Problem to solve: Please output the data exactly, minus pictures.

Given material:
☆ ☆ ☆

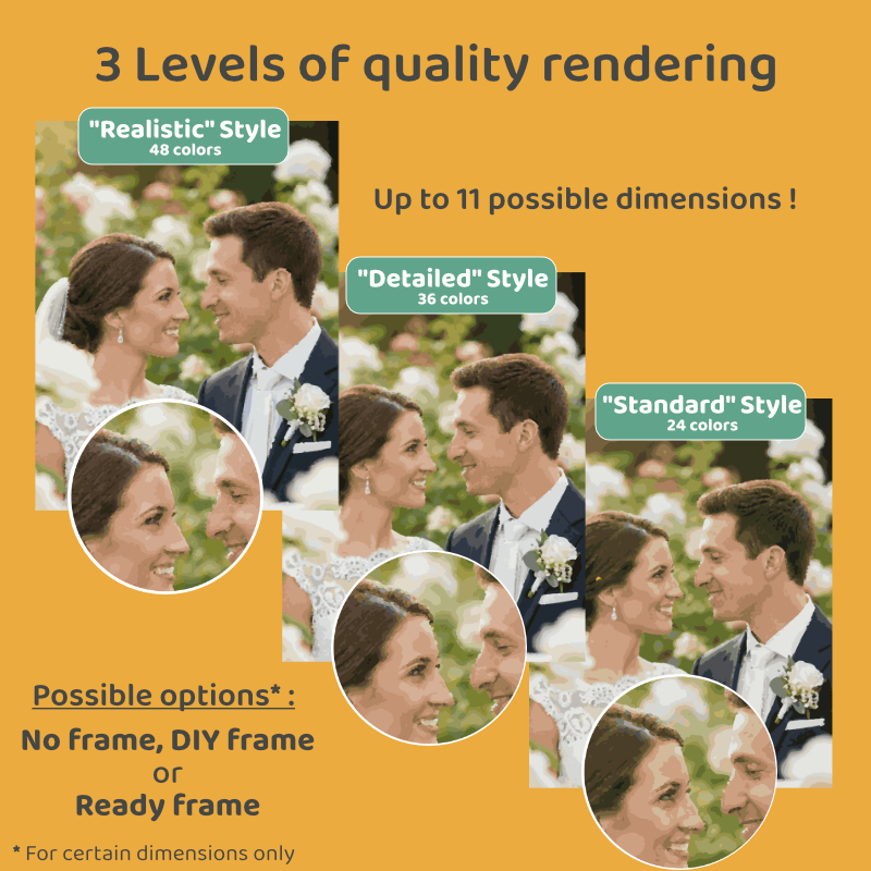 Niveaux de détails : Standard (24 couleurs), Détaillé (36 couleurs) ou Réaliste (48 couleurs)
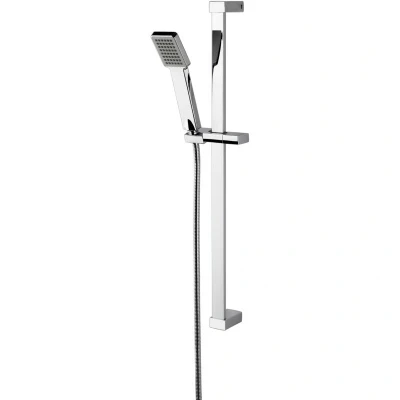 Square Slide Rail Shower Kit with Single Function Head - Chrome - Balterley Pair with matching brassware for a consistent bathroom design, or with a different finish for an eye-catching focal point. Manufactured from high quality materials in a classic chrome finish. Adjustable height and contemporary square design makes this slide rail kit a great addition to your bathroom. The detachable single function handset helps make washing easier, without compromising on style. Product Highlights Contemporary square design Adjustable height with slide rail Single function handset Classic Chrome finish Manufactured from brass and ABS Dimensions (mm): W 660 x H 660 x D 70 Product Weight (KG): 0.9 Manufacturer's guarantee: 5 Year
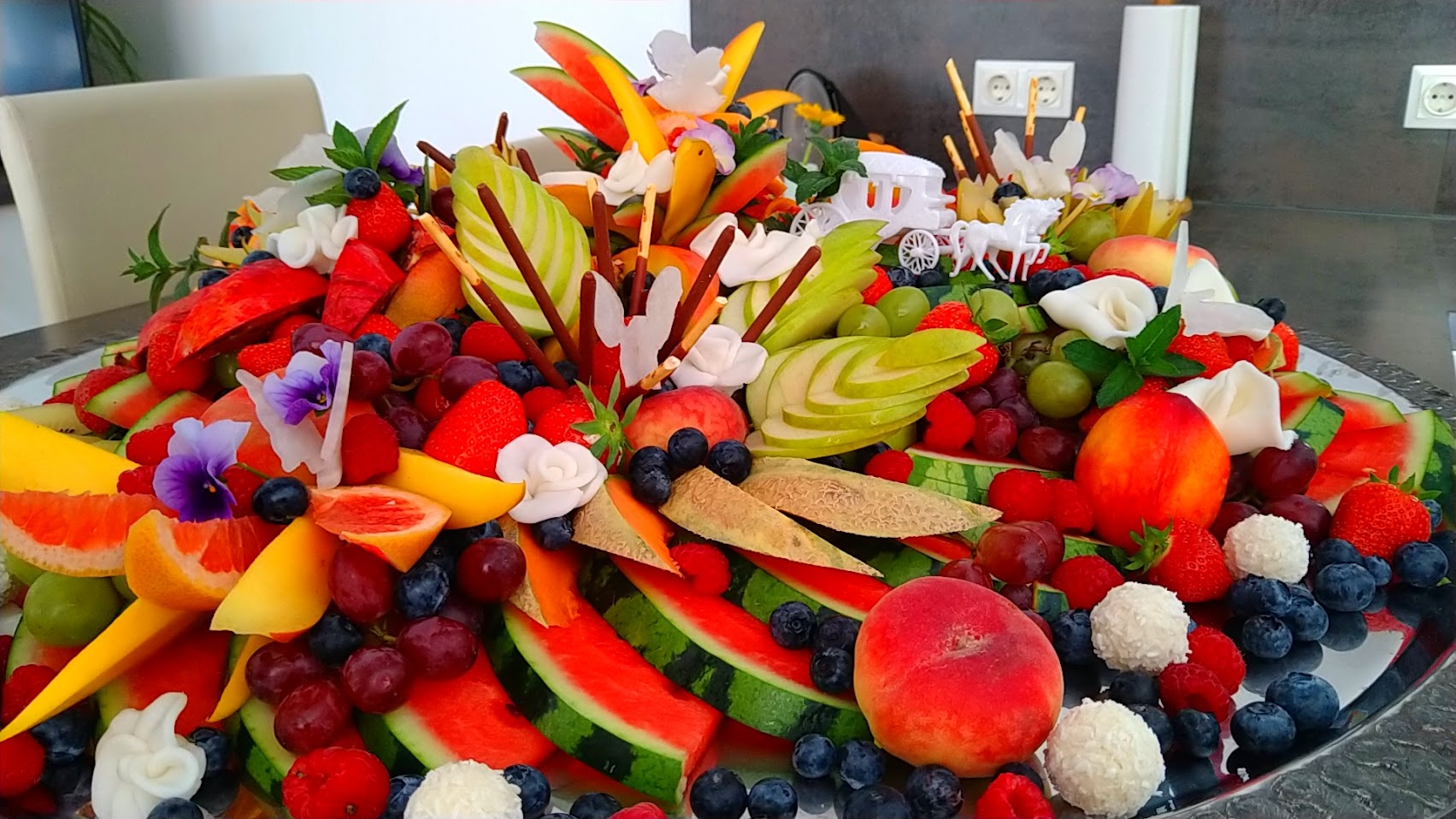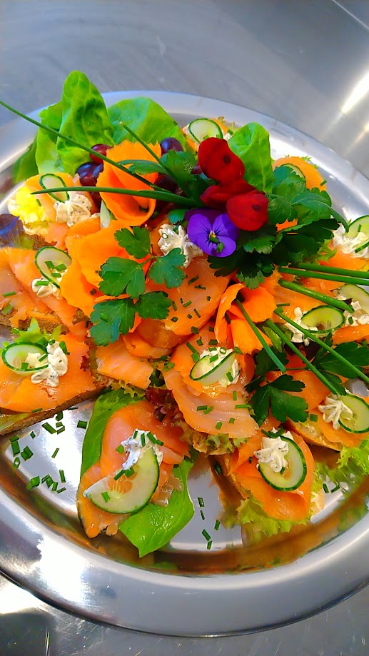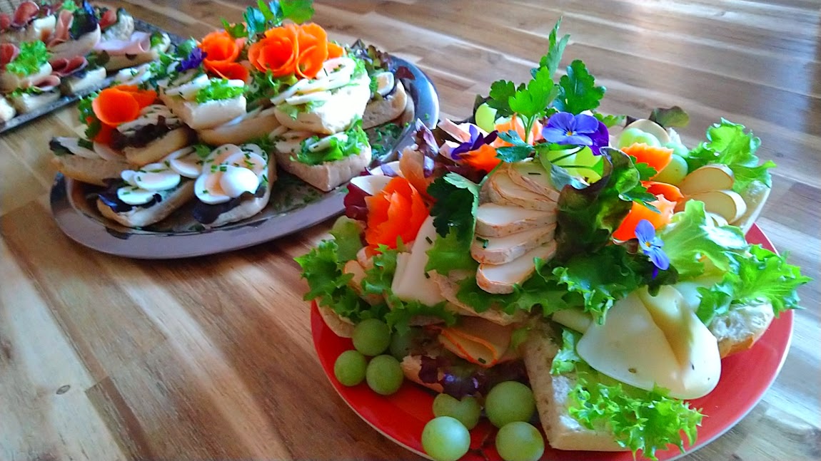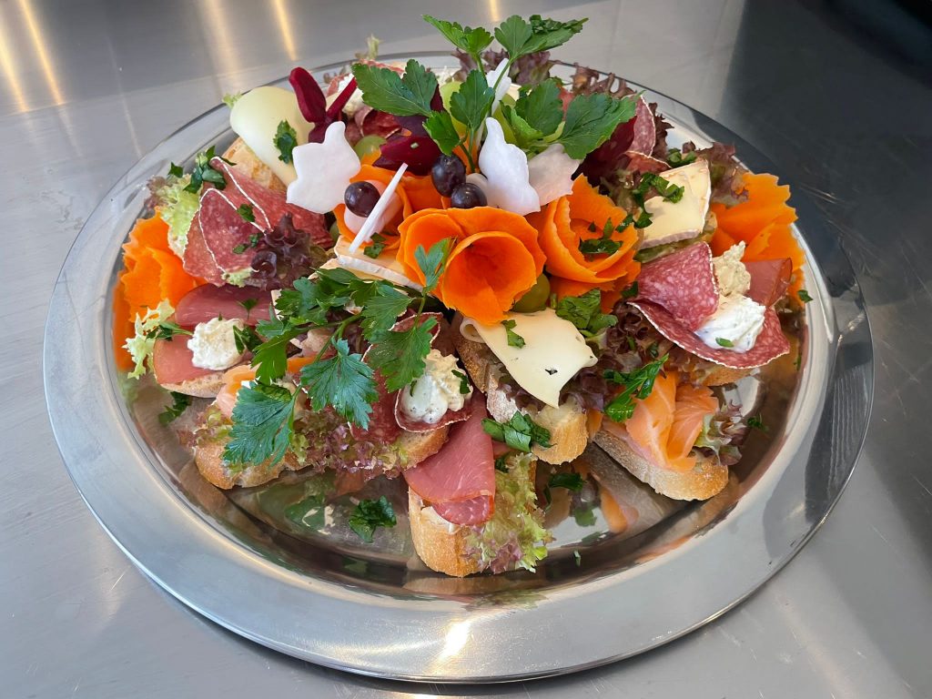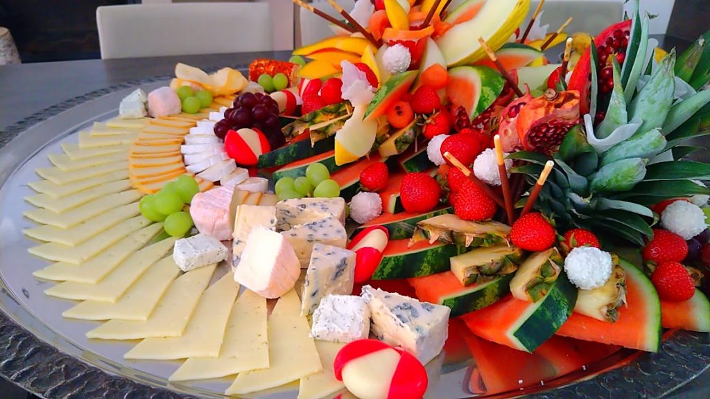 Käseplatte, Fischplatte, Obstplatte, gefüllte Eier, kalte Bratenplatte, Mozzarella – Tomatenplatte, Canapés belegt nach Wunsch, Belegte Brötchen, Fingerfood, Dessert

☆ ☆ ☆

Result of this task:
 Niveaux de détails : Standard (24 couleurs), Détaillé (36 couleurs) ou Réaliste (48 couleurs)
 Square Slide Rail Shower Kit with Single Function Head - Chrome - Balterley Pair with matching brassware for a consistent bathroom design, or with a different finish for an eye-catching focal point. Manufactured from high quality materials in a classic chrome finish. Adjustable height and contemporary square design makes this slide rail kit a great addition to your bathroom. The detachable single function handset helps make washing easier, without compromising on style. Product Highlights Contemporary square design Adjustable height with slide rail Single function handset Classic Chrome finish Manufactured from brass and ABS Dimensions (mm): W 660 x H 660 x D 70 Product Weight (KG): 0.9 Manufacturer's guarantee: 5 Year
 Käseplatte, Fischplatte, Obstplatte, gefüllte Eier, kalte Bratenplatte, Mozzarella – Tomatenplatte, Canapés belegt nach Wunsch, Belegte Brötchen, Fingerfood, Dessert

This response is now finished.